Department of Biology, Lund University, 22362, Lund, Sweden.
Sci Rep. 2022 Aug 29;12(1):14683. doi: 10.1038/s41598-022-14395-4.
Principal Component Analysis (PCA) is a multivariate analysis that reduces the complexity of datasets while preserving data covariance. The outcome can be visualized on colorful scatterplots, ideally with only a minimal loss of information. PCA applications, implemented in well-cited packages like EIGENSOFT and PLINK, are extensively used as the foremost analyses in population genetics and related fields (e.g., animal and plant or medical genetics). PCA outcomes are used to shape study design, identify, and characterize individuals and populations, and draw historical and ethnobiological conclusions on origins, evolution, dispersion, and relatedness. The replicability crisis in science has prompted us to evaluate whether PCA results are reliable, robust, and replicable. We analyzed twelve common test cases using an intuitive color-based model alongside human population data. We demonstrate that PCA results can be artifacts of the data and can be easily manipulated to generate desired outcomes. PCA adjustment also yielded unfavorable outcomes in association studies. PCA results may not be reliable, robust, or replicable as the field assumes. Our findings raise concerns about the validity of results reported in the population genetics literature and related fields that place a disproportionate reliance upon PCA outcomes and the insights derived from them. We conclude that PCA may have a biasing role in genetic investigations and that 32,000-216,000 genetic studies should be reevaluated. An alternative mixed-admixture population genetic model is discussed.

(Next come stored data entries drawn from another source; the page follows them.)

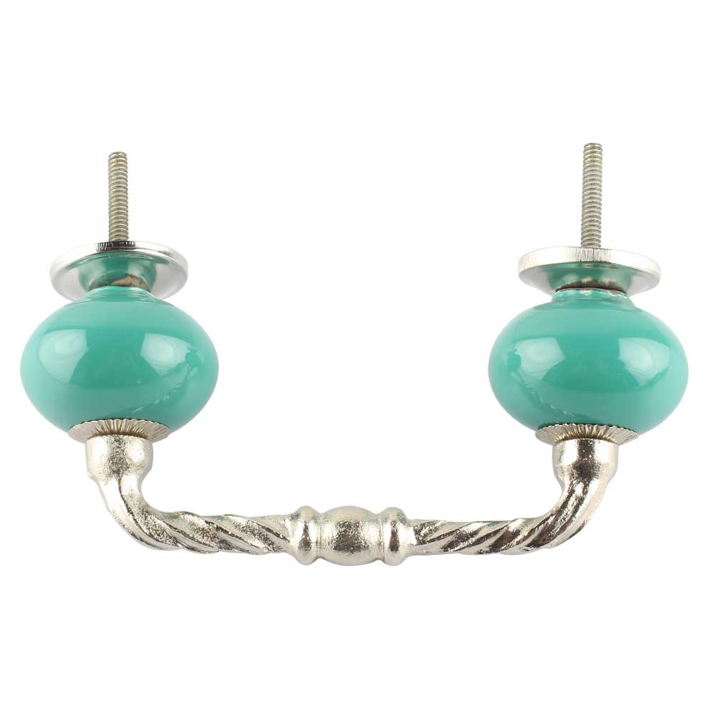 Neon Sea Green Ceramic Cut Bridge Handles. Ideal for Drawer, Dresser, Cabinet, Wardrobe, Cupboard and Almirah etc.
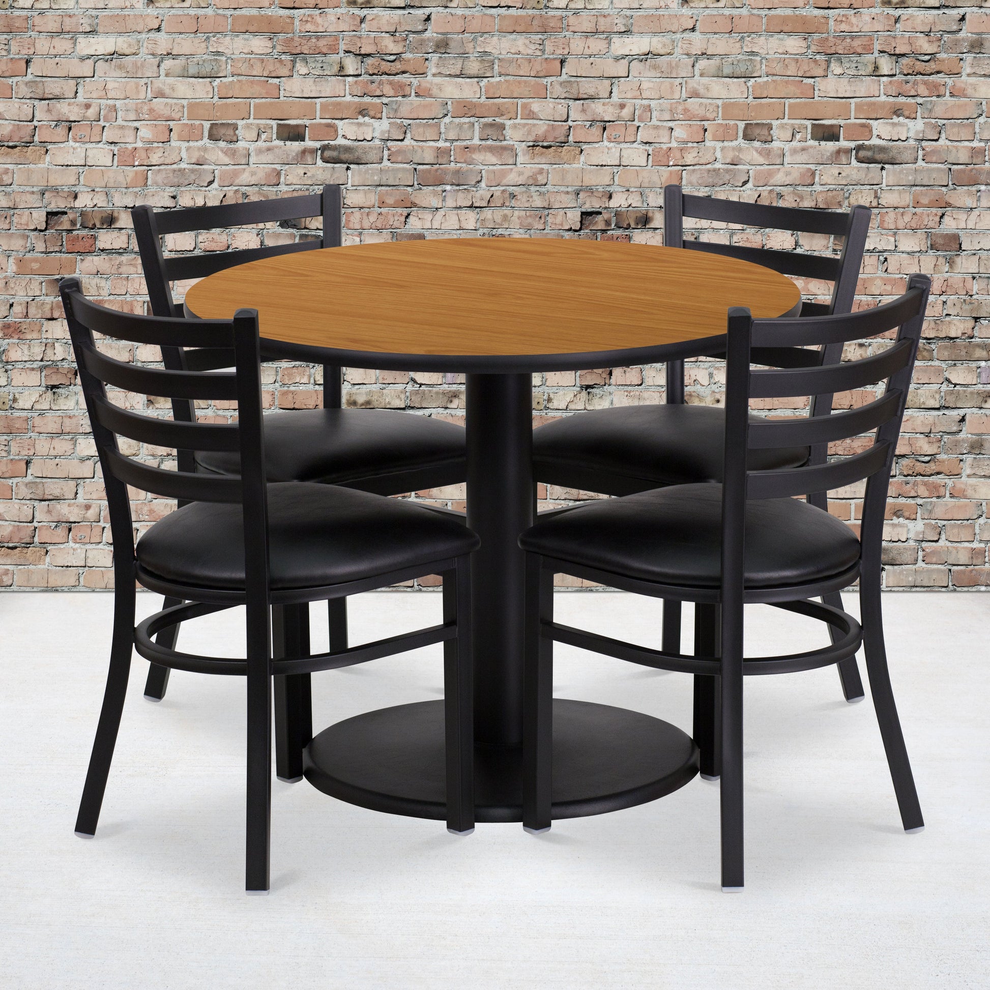 Jamie 36'' Round Natural Laminate Table Set with Round Base and 4 Ladder Back Metal Chairs - Black Vinyl Seat Dimensions: 36"W x 36"D x 30"H
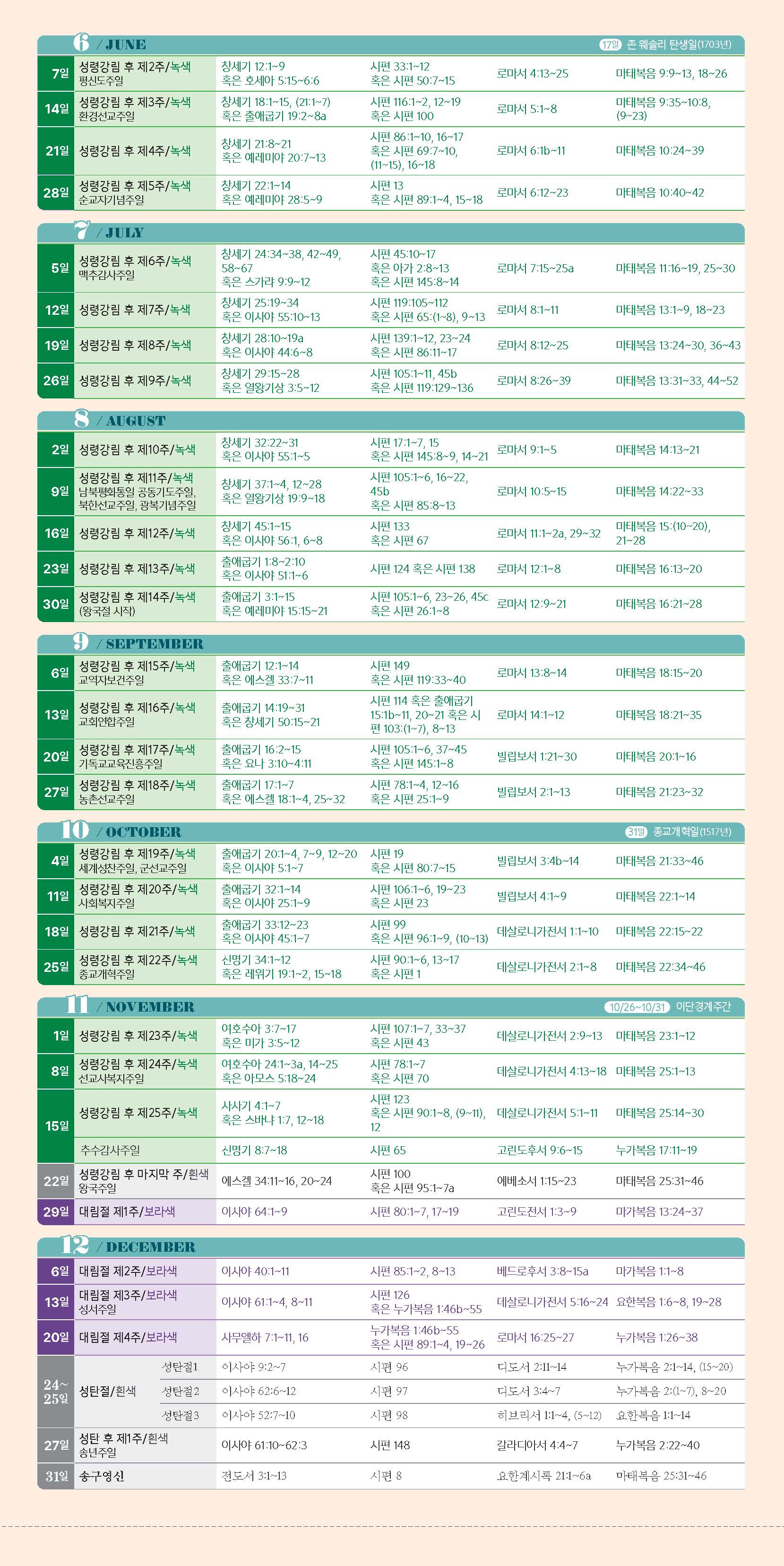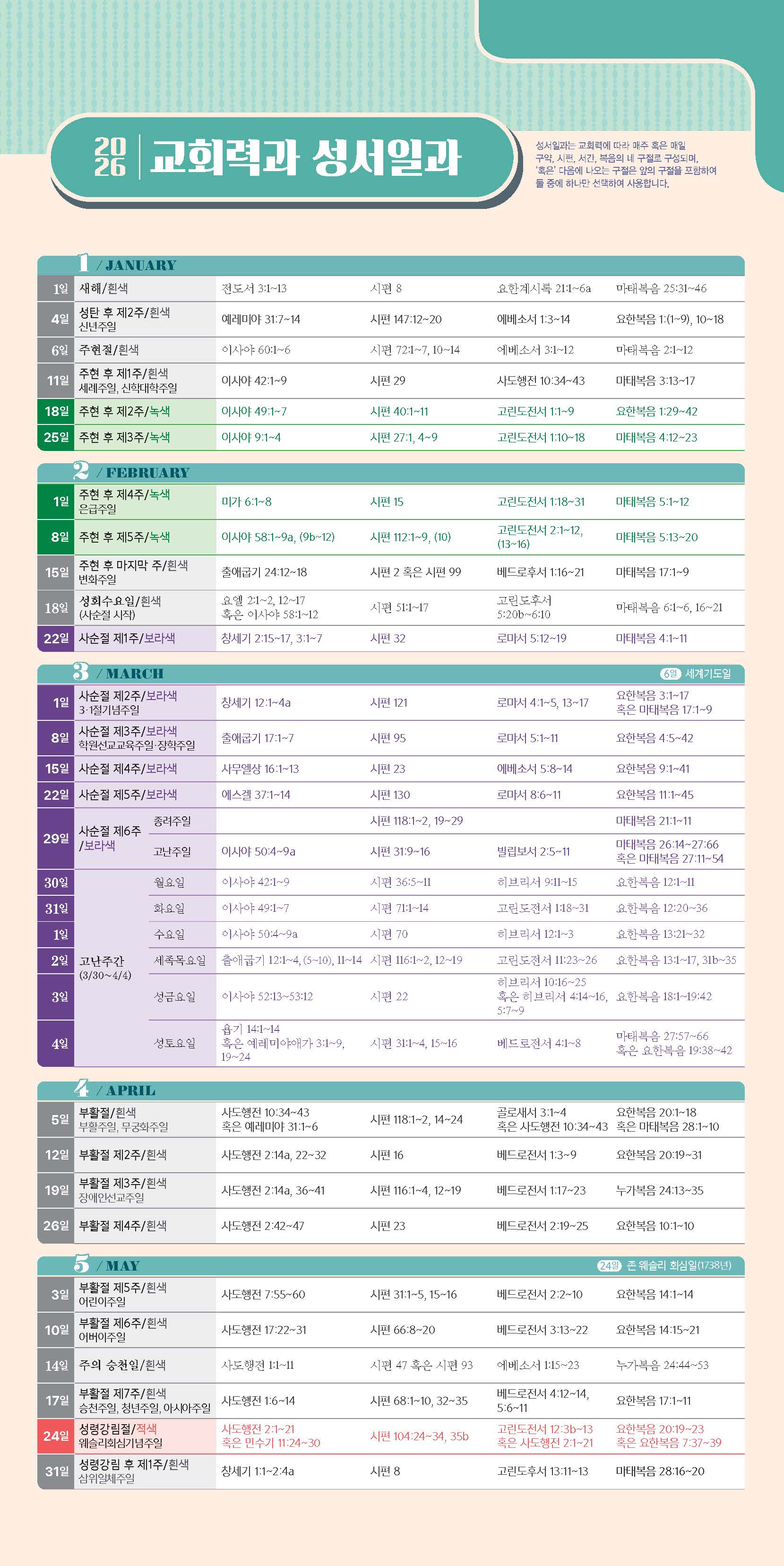 2026년 교회력과 성서일과

主成分分析(PCA)是一种多元分析方法,它在保留数据协方差的同时降低数据集的复杂性。结果可以在彩色散点图上可视化,理想情况下信息损失最小。PCA 应用程序,如 EIGENSOFT 和 PLINK 等知名软件包中实现,被广泛应用于群体遗传学和相关领域(例如动物和植物或医学遗传学)的首要分析。PCA 结果用于塑造研究设计、识别和描述个体和群体,并得出关于起源、进化、分散和相关性的历史和民族生物学结论。科学中的可重复性危机促使我们评估 PCA 结果是否可靠、稳健和可重复。我们使用直观的基于颜色的模型和人类群体数据分析了十二个常见测试案例。我们证明了 PCA 结果可能是数据的伪影,可以很容易地操纵它们以产生所需的结果。PCA 调整也会在关联研究中产生不利的结果。PCA 结果可能不像该领域所假设的那样可靠、稳健或可重复。我们的发现引起了人们对群体遗传学文献和相关领域报告的结果的有效性的关注,这些领域过分依赖 PCA 结果及其从中得出的见解。我们得出结论,PCA 可能在遗传研究中具有偏见作用,应该重新评估 32,000-216,000 项遗传研究。讨论了一种替代的混合混合群体遗传模型。